:: Data records ::
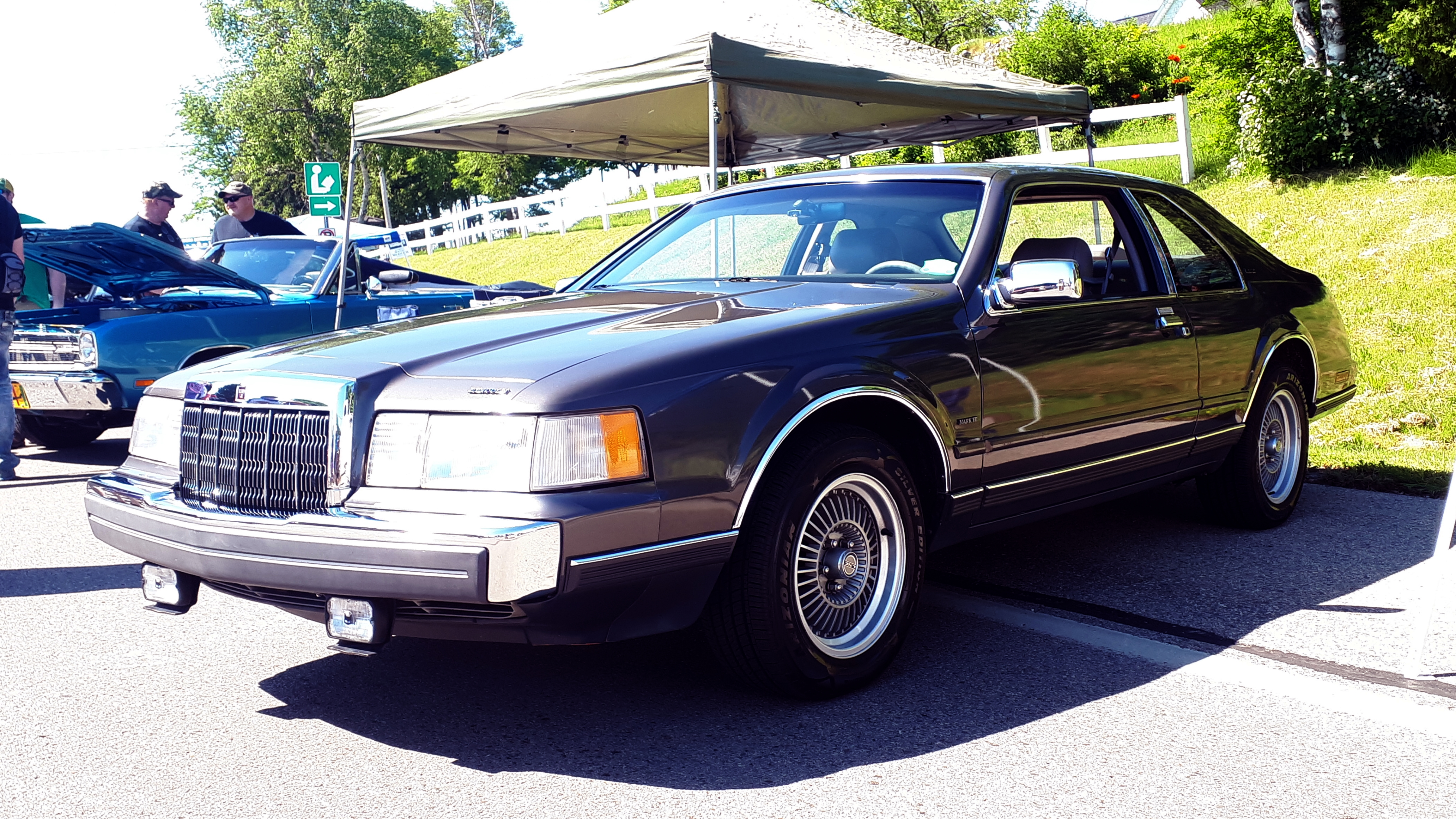 1988-1990 Lincoln Mark VII LSC photographed in St. Ignace, Michigan at the annual St. Ignace car show weekend.
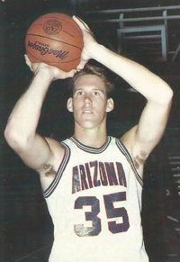 Basketball player Jud Buechler with the Arizona Wildcats.
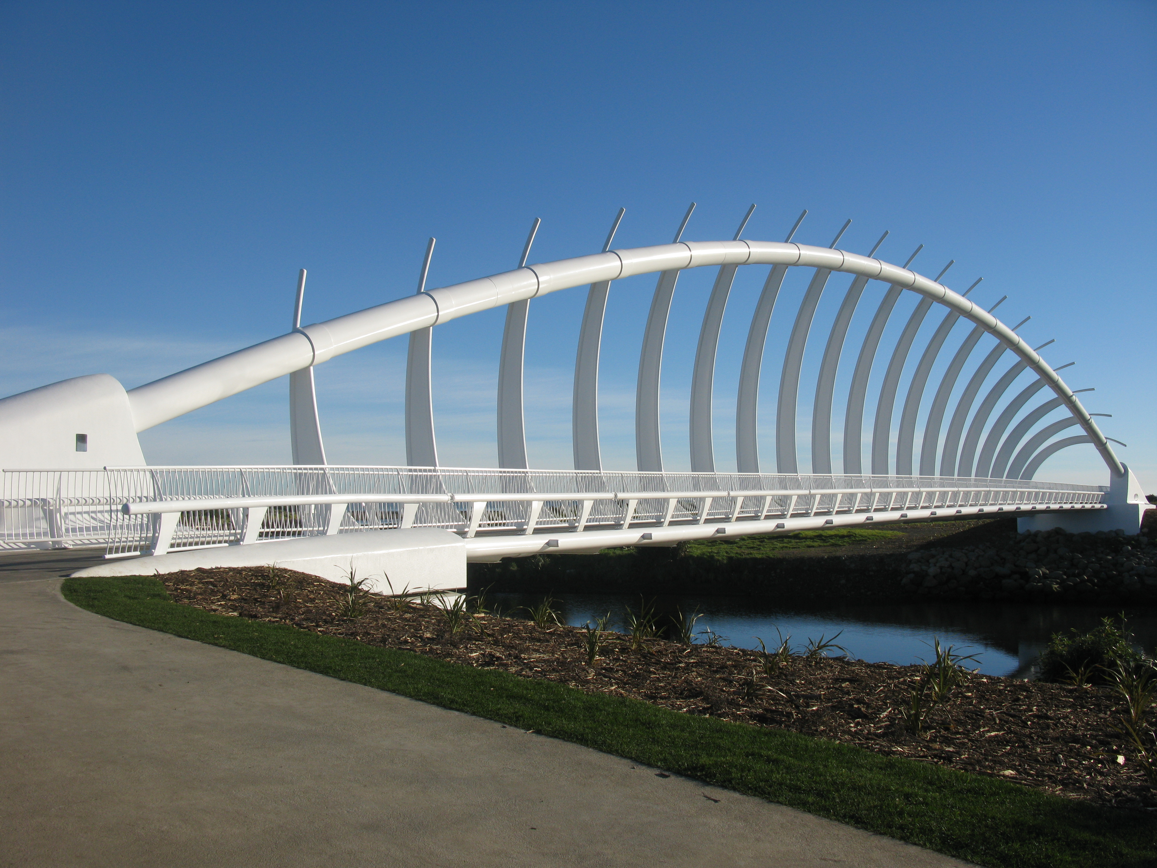 Bridge over the Waiwhakaiho River. Designed to look like a breaking wave whilst creating a natural frame around Mount Taranaki.
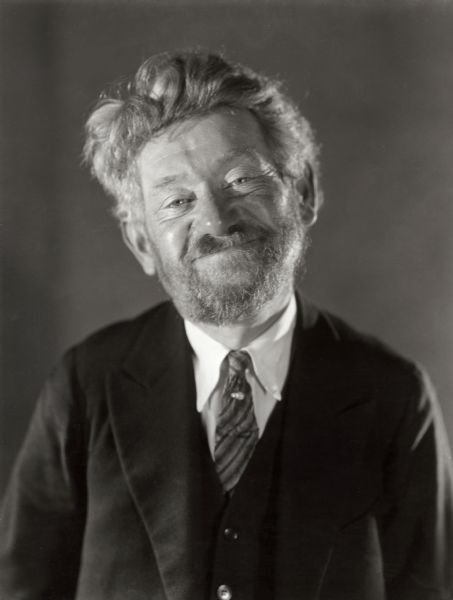 MGM Studio publicity photograph of comedian Max Davidson made in February 1927.
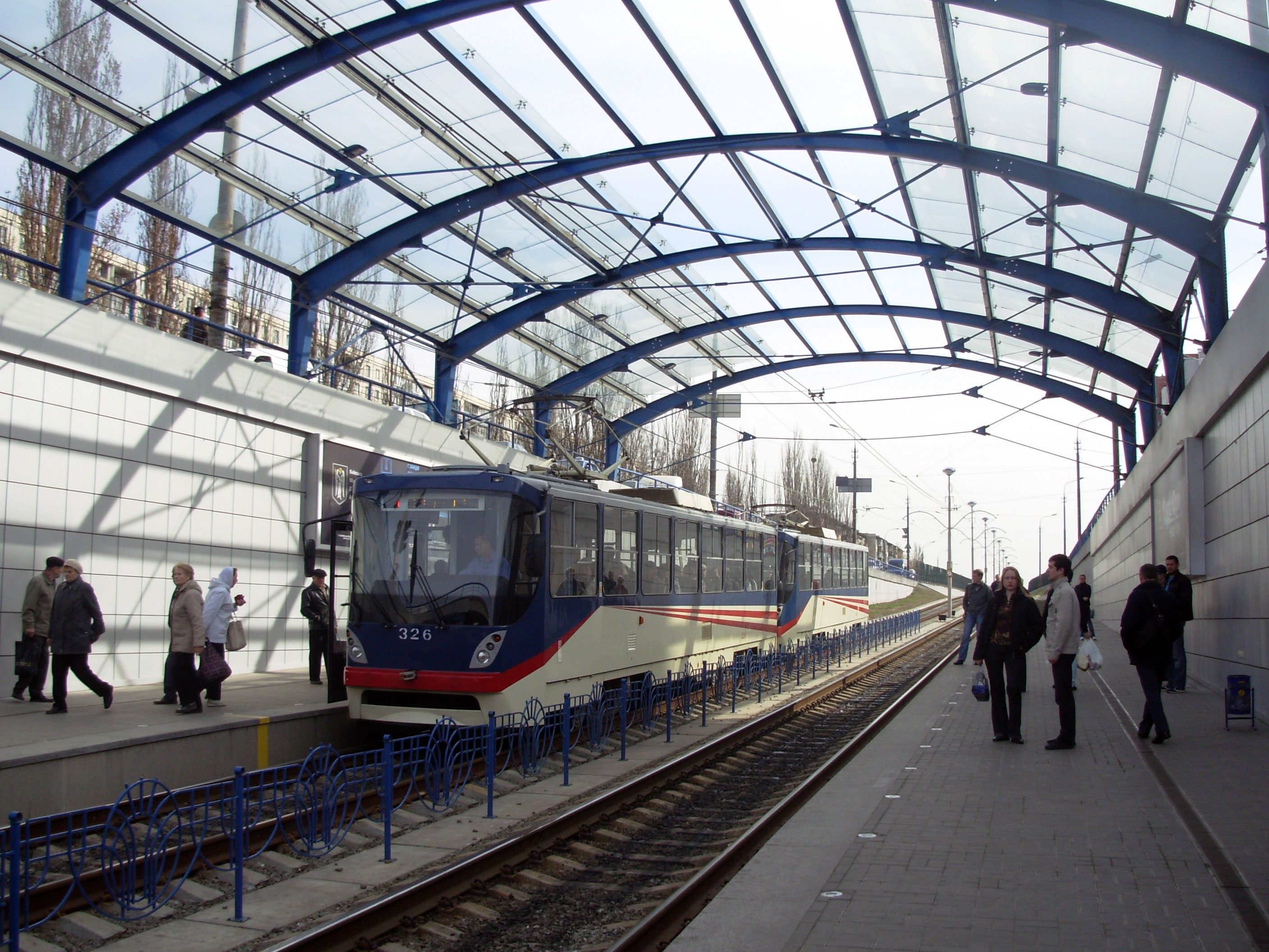 Hnata Yury Station of Kyiv Fast Tram after renovation, 2011
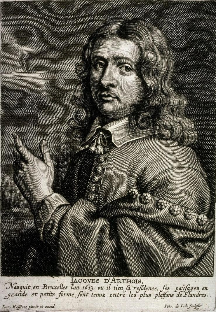 Engraving of Jacques d'Arthois (1613-1686), (after a portrait by Johannes Meyssens).
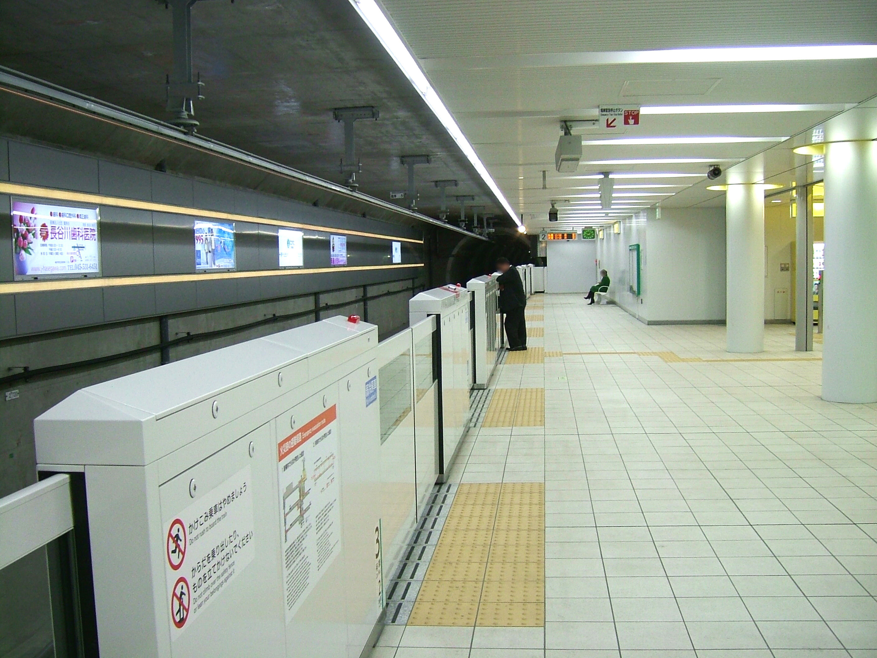 Takata Station platform (Yokohama Municipal Subway Green Line)
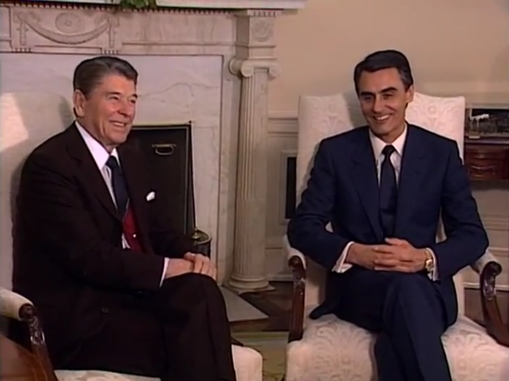 President Reagan and Prime Minister Cavaco Silva (of Portugal) in the Oval Office, on 24 February 1988.
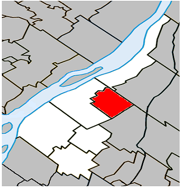 Location of Calixa-Lavallée, Quebec within Lajemmerais Regional County Municipality.

:: Your objective ::
Write out, exactly and with no pictures, the lines of the data from the first through the line containing "President Reagan and".

:: Result ::
 1988-1990 Lincoln Mark VII LSC photographed in St. Ignace, Michigan at the annual St. Ignace car show weekend.
 Basketball player Jud Buechler with the Arizona Wildcats.
 Bridge over the Waiwhakaiho River. Designed to look like a breaking wave whilst creating a natural frame around Mount Taranaki.
 MGM Studio publicity photograph of comedian Max Davidson made in February 1927.
 Hnata Yury Station of Kyiv Fast Tram after renovation, 2011
 Engraving of Jacques d'Arthois (1613-1686), (after a portrait by Johannes Meyssens).
 Takata Station platform (Yokohama Municipal Subway Green Line)
 President Reagan and Prime Minister Cavaco Silva (of Portugal) in the Oval Office, on 24 February 1988.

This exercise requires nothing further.